WHAT THE TASK REQUIRES → Transcribe the whole listing exactly; the images stay out.

PROVIDED RECORDS →
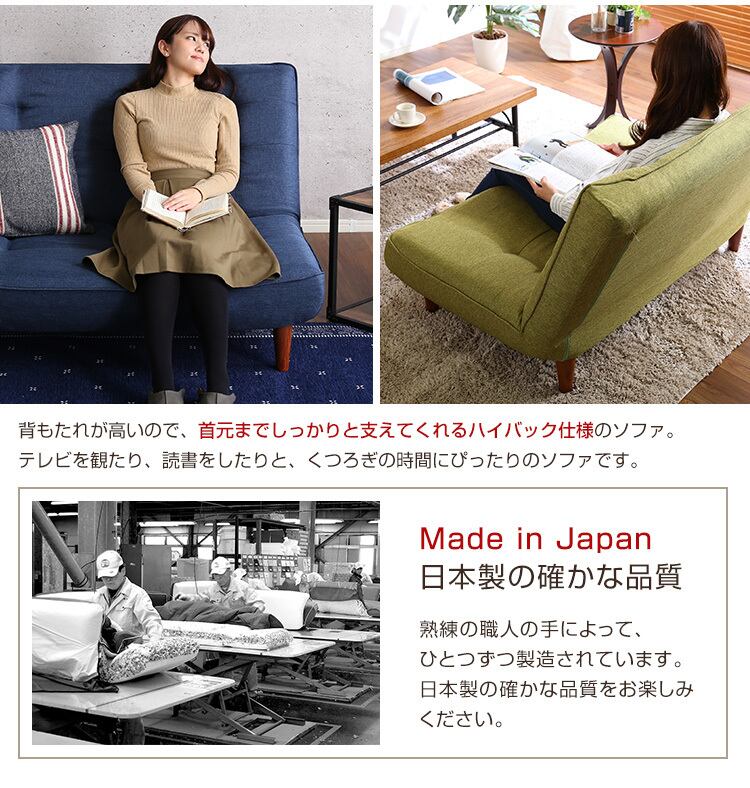 2人掛ハイバックソファ(布地)ローソファにも、ポケットコイル使用、3段階リクライニング 日本製|lemmik-レミック-
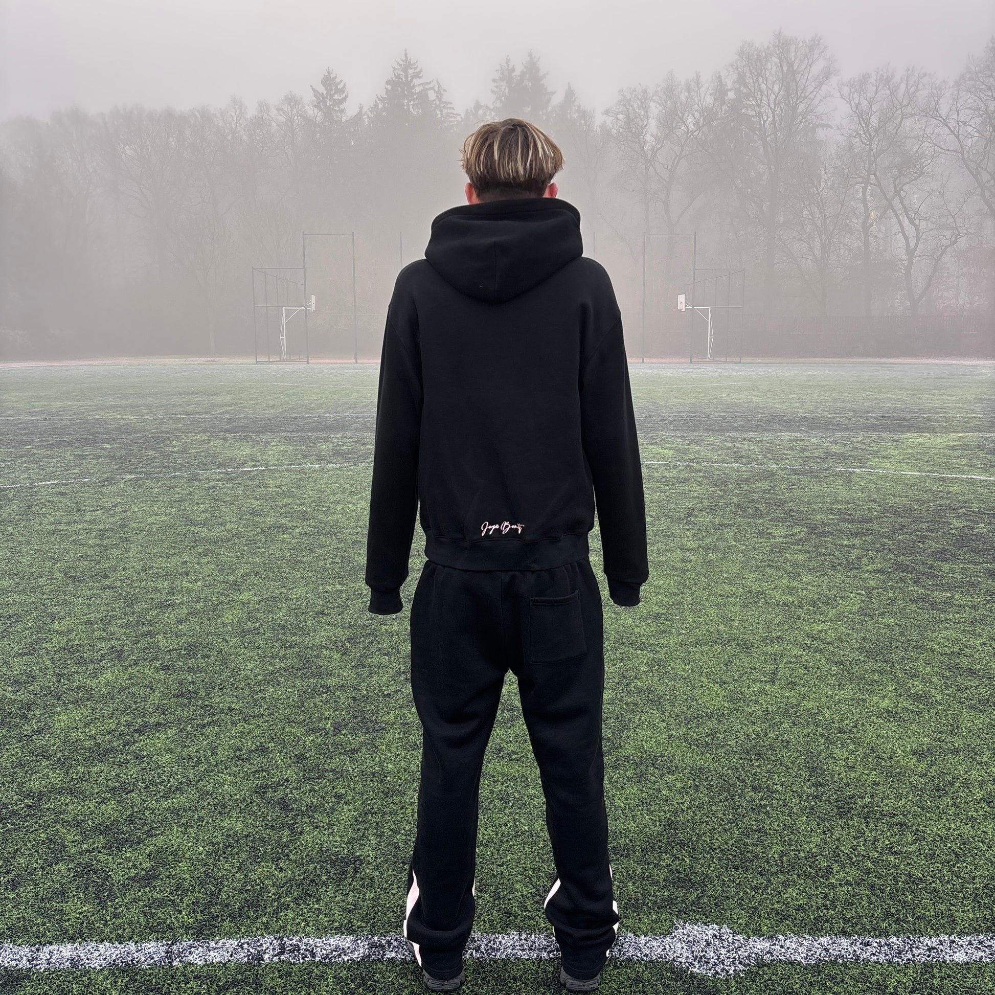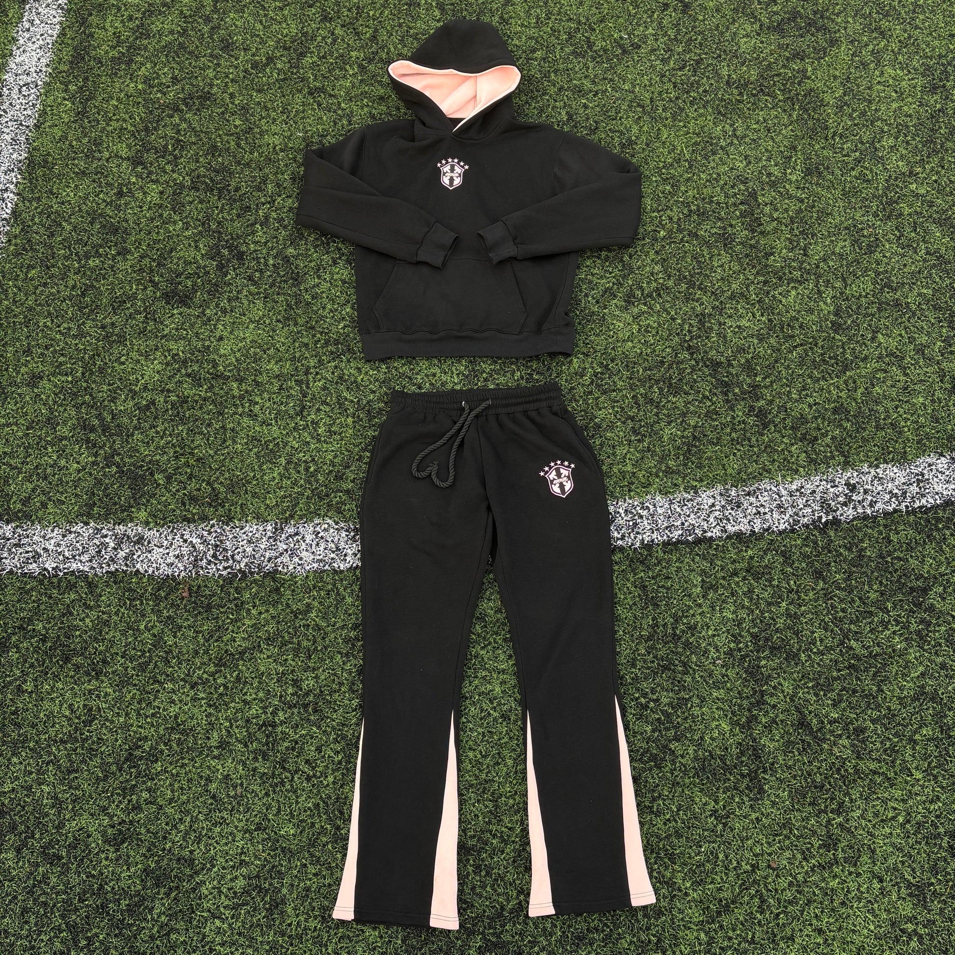 The Dark Rosa Tracksuit combines a black–pink hoodie with matching flared pants to create a full outfit made for modern footballers. Soft, warm, durable, and clean in design — this set delivers the comfort you need for training days and the style you want everywhere else.
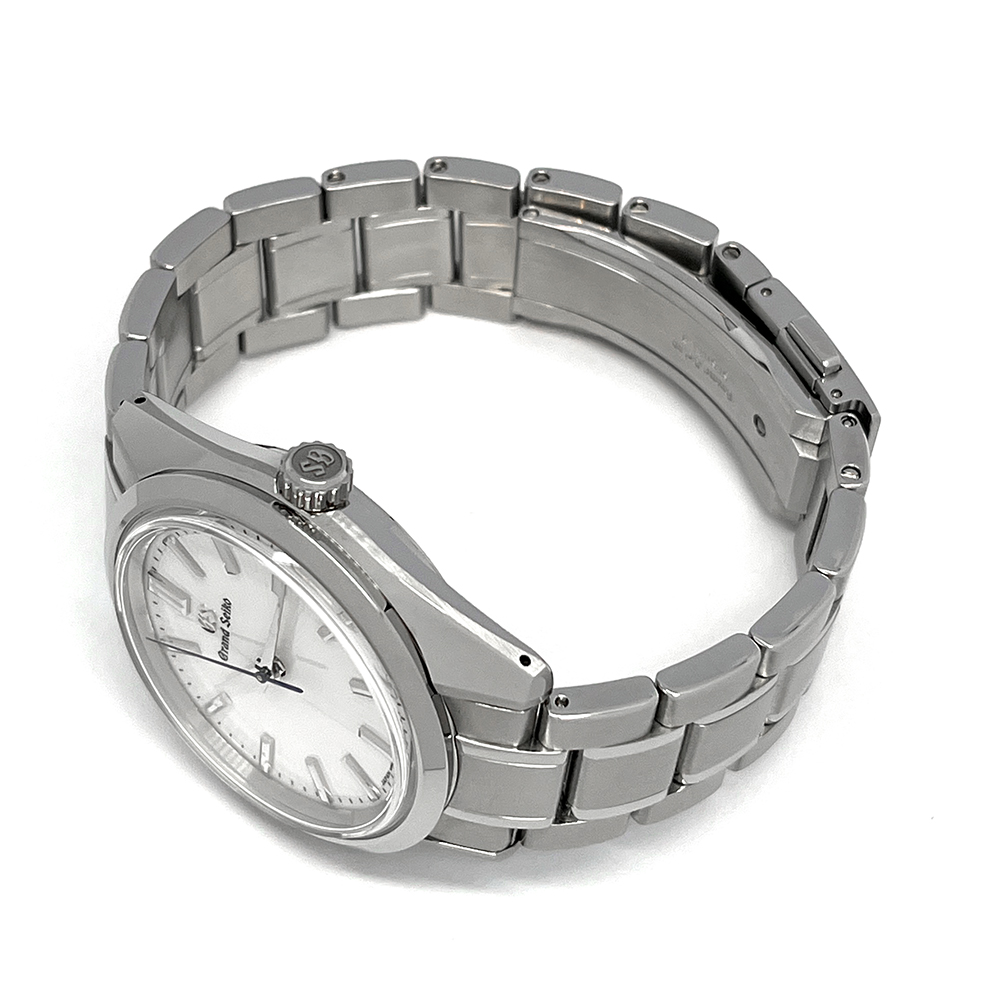44GSの進化版のラインナップの中でも最小のケースサイズで、どなたにも装着しやすいサイズ感です。ホワイトダイヤルに鮮やかなブルーの秒針が良く映えて視認性にも優れており、ビジネスシーンからカジュアルスタイルまで大いに活躍してくれます。
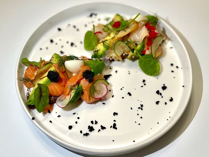 Брускетта лосось, творожный сыр
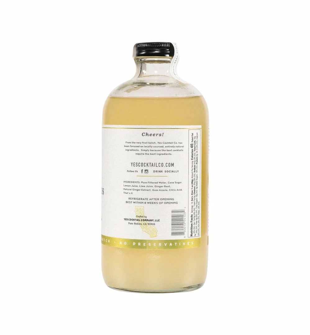 Ingredients: Pure filtered water, cane sugar, lemon juice, lime juice, ginger root, natural ginger extract, gum acacia, citric acid.

SOLUTION FOR THIS TASK →
 2人掛ハイバックソファ(布地)ローソファにも、ポケットコイル使用、3段階リクライニング 日本製|lemmik-レミック-
 The Dark Rosa Tracksuit combines a black–pink hoodie with matching flared pants to create a full outfit made for modern footballers. Soft, warm, durable, and clean in design — this set delivers the comfort you need for training days and the style you want everywhere else.
44GSの進化版のラインナップの中でも最小のケースサイズで、どなたにも装着しやすいサイズ感です。ホワイトダイヤルに鮮やかなブルーの秒針が良く映えて視認性にも優れており、ビジネスシーンからカジュアルスタイルまで大いに活躍してくれます。
 Брускетта лосось, творожный сыр
 Ingredients: Pure filtered water, cane sugar, lemon juice, lime juice, ginger root, natural ginger extract, gum acacia, citric acid.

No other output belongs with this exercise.